Practical guidance for researchers on writing data sharing plans

Professor Kay-Tee Khaw

When you apply for a CRUK grant, we ask you to fill in a data sharing plan. These are some of the issues you may wish to consider as you complete this plan, and then as you seek to implement the planned activities in the course of your research.

This guidance should be read in conjunction with our policy on data sharing, which sets out our high-level expectations with which grantholders must comply. In this guidance, “data” means quantitative or qualitative information generated in the course of research, which could take the form of datasets, code and software, images or data generated through analysis of samples or biological materials.

To support good science and to make the most of our research investments.

We support research data management and sharing as a fundamental element of good research practice. In line with other funders in the UK and internationally, such as RCUK, Wellcome Trust and NIH, we view research data as a public good. Sharing data enhances the transparency, integrity and reproducibility of research.

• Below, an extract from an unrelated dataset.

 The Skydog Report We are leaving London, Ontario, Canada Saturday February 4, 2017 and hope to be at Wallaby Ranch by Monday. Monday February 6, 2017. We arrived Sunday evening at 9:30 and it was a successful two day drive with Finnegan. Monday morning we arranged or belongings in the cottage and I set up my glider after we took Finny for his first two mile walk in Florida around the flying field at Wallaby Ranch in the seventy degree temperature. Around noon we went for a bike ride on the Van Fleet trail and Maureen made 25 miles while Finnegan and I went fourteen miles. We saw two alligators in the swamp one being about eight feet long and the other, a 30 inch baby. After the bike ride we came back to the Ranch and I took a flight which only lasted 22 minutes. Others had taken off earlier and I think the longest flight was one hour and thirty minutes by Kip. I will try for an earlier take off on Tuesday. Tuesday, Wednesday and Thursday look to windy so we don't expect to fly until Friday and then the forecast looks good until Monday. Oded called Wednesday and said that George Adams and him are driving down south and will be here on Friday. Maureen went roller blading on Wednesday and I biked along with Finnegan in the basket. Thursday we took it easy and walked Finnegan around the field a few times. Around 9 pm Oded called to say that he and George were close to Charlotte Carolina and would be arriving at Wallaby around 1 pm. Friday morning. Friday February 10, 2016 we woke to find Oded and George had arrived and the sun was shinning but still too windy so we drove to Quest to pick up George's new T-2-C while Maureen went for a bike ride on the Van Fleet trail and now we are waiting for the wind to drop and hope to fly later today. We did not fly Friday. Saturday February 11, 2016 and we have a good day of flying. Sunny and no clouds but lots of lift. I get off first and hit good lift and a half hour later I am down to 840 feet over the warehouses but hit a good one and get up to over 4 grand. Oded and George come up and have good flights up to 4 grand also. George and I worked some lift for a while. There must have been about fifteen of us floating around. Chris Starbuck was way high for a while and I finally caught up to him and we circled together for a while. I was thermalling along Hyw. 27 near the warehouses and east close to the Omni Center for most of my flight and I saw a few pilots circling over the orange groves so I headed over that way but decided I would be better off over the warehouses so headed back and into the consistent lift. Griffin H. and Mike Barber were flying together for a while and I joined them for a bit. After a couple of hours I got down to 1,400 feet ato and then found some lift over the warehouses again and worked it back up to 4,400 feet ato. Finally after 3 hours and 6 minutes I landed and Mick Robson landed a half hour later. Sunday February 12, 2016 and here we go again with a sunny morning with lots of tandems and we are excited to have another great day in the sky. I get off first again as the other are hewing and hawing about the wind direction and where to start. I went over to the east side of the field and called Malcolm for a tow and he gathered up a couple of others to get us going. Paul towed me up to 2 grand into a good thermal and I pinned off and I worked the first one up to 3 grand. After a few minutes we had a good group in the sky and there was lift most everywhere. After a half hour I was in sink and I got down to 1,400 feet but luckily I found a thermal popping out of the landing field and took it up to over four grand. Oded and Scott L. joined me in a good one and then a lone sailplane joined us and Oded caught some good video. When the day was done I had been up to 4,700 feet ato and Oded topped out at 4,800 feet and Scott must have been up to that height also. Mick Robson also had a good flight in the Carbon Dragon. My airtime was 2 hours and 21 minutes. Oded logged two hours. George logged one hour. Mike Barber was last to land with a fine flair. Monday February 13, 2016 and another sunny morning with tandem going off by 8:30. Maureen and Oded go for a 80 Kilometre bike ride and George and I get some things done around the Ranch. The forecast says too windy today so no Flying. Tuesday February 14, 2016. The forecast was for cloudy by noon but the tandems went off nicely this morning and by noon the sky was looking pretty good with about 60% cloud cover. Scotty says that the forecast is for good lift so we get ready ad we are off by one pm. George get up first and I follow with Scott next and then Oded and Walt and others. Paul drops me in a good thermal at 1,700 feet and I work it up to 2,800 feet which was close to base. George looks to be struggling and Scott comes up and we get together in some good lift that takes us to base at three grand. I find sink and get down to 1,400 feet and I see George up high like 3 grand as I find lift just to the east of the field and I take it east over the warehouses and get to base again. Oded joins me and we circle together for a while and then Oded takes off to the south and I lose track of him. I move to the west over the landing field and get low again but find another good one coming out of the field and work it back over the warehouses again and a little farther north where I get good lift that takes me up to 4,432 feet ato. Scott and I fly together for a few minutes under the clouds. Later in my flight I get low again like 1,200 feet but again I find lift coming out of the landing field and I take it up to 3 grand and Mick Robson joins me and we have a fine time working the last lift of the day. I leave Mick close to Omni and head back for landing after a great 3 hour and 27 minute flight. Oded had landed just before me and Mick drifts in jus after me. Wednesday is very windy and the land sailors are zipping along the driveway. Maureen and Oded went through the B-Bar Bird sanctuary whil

As a publicly funded charity, we have an obligation to make the most of all the research we fund. This includes getting the maximum possible benefit out of the data our funded research generates, and reducing duplication and waste in research.

We are additionally motivated by the need to accelerate progress towards 3 out of 4 patients surviving cancer by 2034, as outlined in our Research Strategy. In order to achieve this ambitious aim, pre-existing data will need to be linked with newly generated data, within and across disciplines, in order to generate innovative new insights which can benefit patients.

This position is consistent with a number of international statements of principle outlined in the following documents:

As discussed above, we see data sharing as a route to maximising patient benefit from our research funding. However we recognise that research data management and sharing can be complex processes. Therefore a robust data sharing plan is a useful first step. The plan requires you to consider how you will manage data generated in the lifetime of your grant, and make data shareable with scientists throughout and beyond the grant cycle.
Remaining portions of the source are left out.